I have absolutely no idea how go would solve this problem, and in fact I don't think it does at all.
> The Go std-lib is fantastic.
I have seen worse, but I would still not call it decent considering this is a fairly new language that could have done a lot more.
I am going to ignore the incredible amount of asinine and downright wrong stuff in many of the most popular libraries (even the basic ones maintained by google) since you are talking only about the stdlib.
On the top of my head I found inconsistent tagging management for structs (json defaults, omitzero vs omitempty), not even errors on tag typos, the reader/writer pattern that forces you to to write custom connectors between the two, bzip2 has a reader and no writer, the context linked list for K/V. Just look at the consistency of the interfaces in the "encoding" pkg and cry, the package `hash` should actually be `checksum`. Why does `strconv.Atoi`/ItoA still exist? Time.Add() vs Time.Sub()...
It chock full of inconsistencies. It forces me to look at the documentation every single time I don't use something for more than a couple of days. No, the autocomplete with the 2-line documentation does not include the potential pitfalls that are explained at the top of the package only.
And please don't get me started on the wrappers I had to write around stuff in the net library to make it a bit more consistent or just less plain wrong. net/url.Parse!!! I said don't make my start on this package! nil vs NoBody! ARGH!
None of this is stuff at the language level (of which there is plenty to say).
None of it is a dealbreaker per se, but it adds attrition and becomes death by a billion cuts.
I don't even trust any parser written in go anymore, I always try to come up with corner cases to check how it reacts, and I am often surprised by most of them.
Sure, there are worse languages and libraries.
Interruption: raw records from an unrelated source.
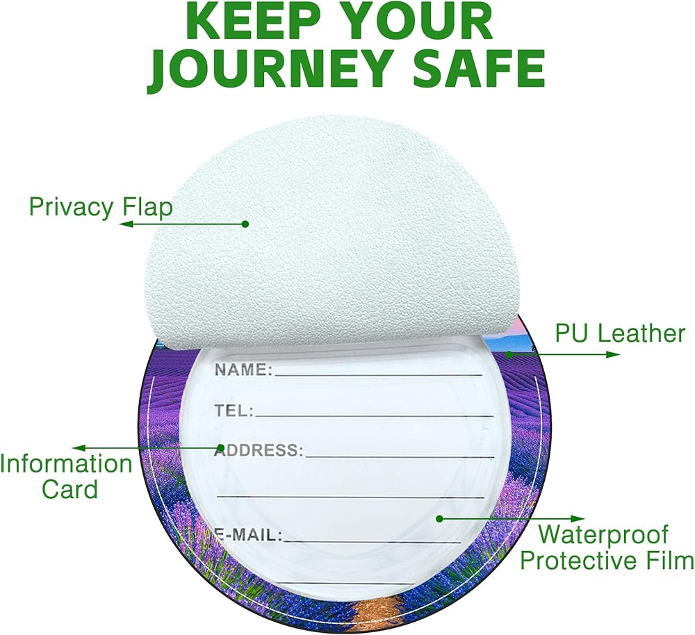 Privacy Protection:The round baggage tag is equipped with a privacy flap to protect personal privacy.The bag tag has a transparent waterproof interlayer and an information card.The information card can be written with personal information to facilitate identification and finding lost luggage
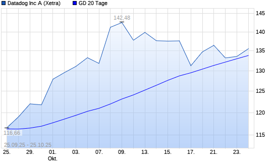 Mit dem Anstieg auf 135,02 EUR hat die Datadog-Aktie am 24.10.2025 die 20-Tage-Linie nach oben gekreuzt.Die Datadog-Aktie befindet sich seit dem 18.09.2025 im langfristigen Aufwärtstrend und ...weiterlesen
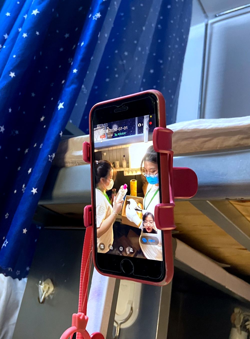 在北京成人头条一间女生宿舍里,设计与艺术学院的老师朱彦蒙,正对着手机与屏幕中的一位同学交流。手机用自拍杆架在宿舍床边,视频中的女孩是该学院毕业生孙嘉,身在辽宁家中。
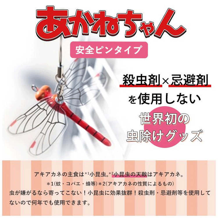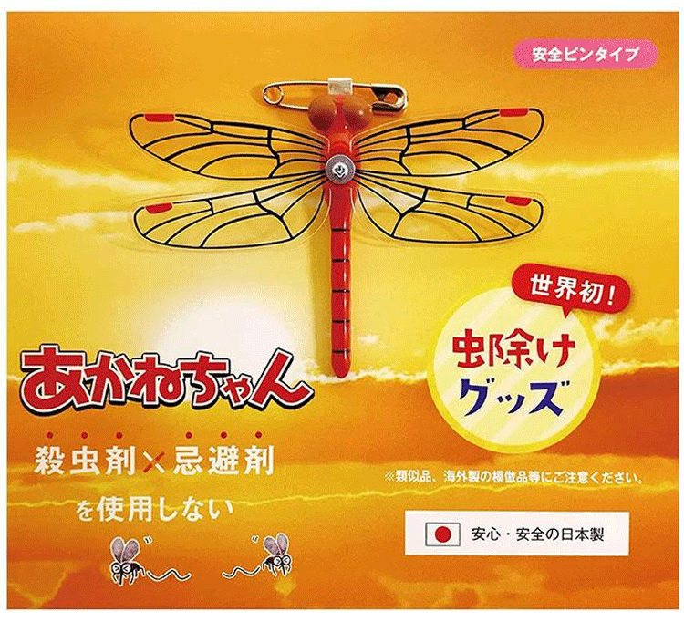 【商品特徴】 殺虫剤×忌避剤をしようしない世界初虫除けグッズ アキアカネの主食は小昆虫。小昆虫の天敵はアキアカネ。 虫が嫌がるから寄ってこない!小昆虫に効果抜群! 殺虫剤・忌避剤等をしようしていないので何年でも使用できます。 安全ピンタイプ ゴルフ・キャンプ、ベランダ・軒先、ベビーカー、オープンカフェ・飲食店 ・フックやカラビナ等で風通しの良い所に取り付けると効果的! ご注意 ・直射日光に長時間あたると、変色・色落ち・変形します。 ・小さいお子様のおもちゃとして使用しないで下さい。 ・強い衝撃を与えると欠損・欠落します。 ・火の近くで使用しないで下さい。燃えたり溶けたりします。 ・暗い場所ではあまり効果がありません。 ●商品名:虫よけグッズ あかねちゃん【安全ピンタイプ】 ●ブランド:EDISON GOLF ●パッケージサイズ:150×20×130mm ●重量:3g ※撮影時の光量の具合や、ご覧いただいております画面環境によりまして、実際の商品と若干色味が違う場合がございます。
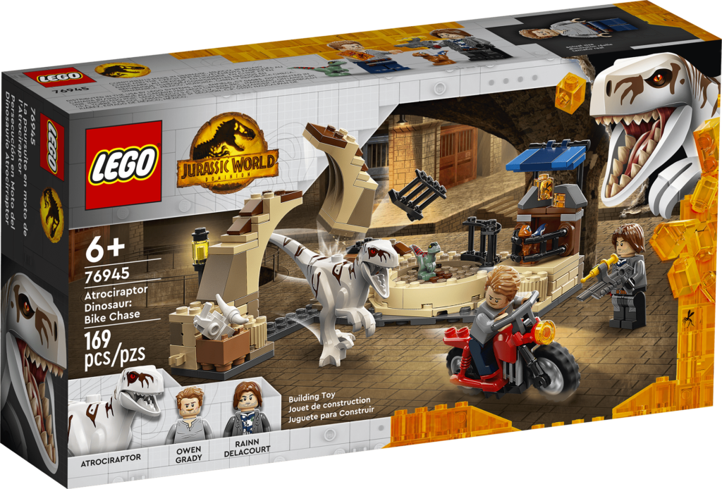 Descrizione: Preparati per un gioco ricco di azione con questo fantastico set, ispirato al film in uscita Jurassic World Dominion . Ha un mercato con un muro per il feroce Atrociraptor e una fantastica motocicletta da sfondare, una fossa di battaglia per 2 piccoli dinosauri, più le minifigure di Owen Grady e Rainn Delacourt.
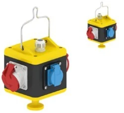 Uni-Block rozdzielnica podwieszana stopień ochrony : IP 44 obudowa : w pełni gumowa 140 x 140 mm z uchwytem i wieszakiem wyposażenie : 2 x gniazdo jednofazowe 16A 230V Typ: 7138 2 x CEE-gniazdo 16A 400V 5P Typ: 12980 zasilanie.: 1 x M25 dławik z góry

Still not something I would pick up in 2025 for a new project.
But it is being put. Read newsletters like "The Go Blog", "Go Weekly". It's been improving constantly. Language-changes require lots of time to be done right, but the language is evolving.
And if you're engaging in CS then Go is probably the last language you should be using. If however, what you're interested in doing is programming, the fundamental data structures there are arrays and hashmaps, which Go has built-in. Everything else is niche.
> Also, as mentioned by another comment, an HTTP or crypto library can become obsolete _fast_. What about HTTP3? What about post-quantum crypto? What about security fixes? The stdlib is tied to the language version, thus to a language release. Having such code independant allows is to evolve much faster, be leaner, and be more composable. So yes, the library is well maintained, but it's tied to the Go version.
The entire point is to have a well supported crypto library. Which Go does and it's always kept up to date. Including security fixes.
As for post-quantum: https://words.filippo.io/mlkem768/
> - otoh, in Go, it was found out that net.Ip has an absolutely atrocious design (it's just an alias for []byte). Tailscale wrote a replacement that's now in a subpackage in net, but the old net.Ip is set in stone. (https://tailscale.com/blog/netaddr-new-ip-type-for-go)
Yes, and? This seems to me to be the perfect way to handle things - at all times there is a blessed high-quality library to use. As warts of its design get found out over time, a new version is worked on and released once every ~10 years.
A total mess of barely-supported libraries that the userbase is split over is just that - a mess.
Weird, to me that is a strong argument. Choose your stewards.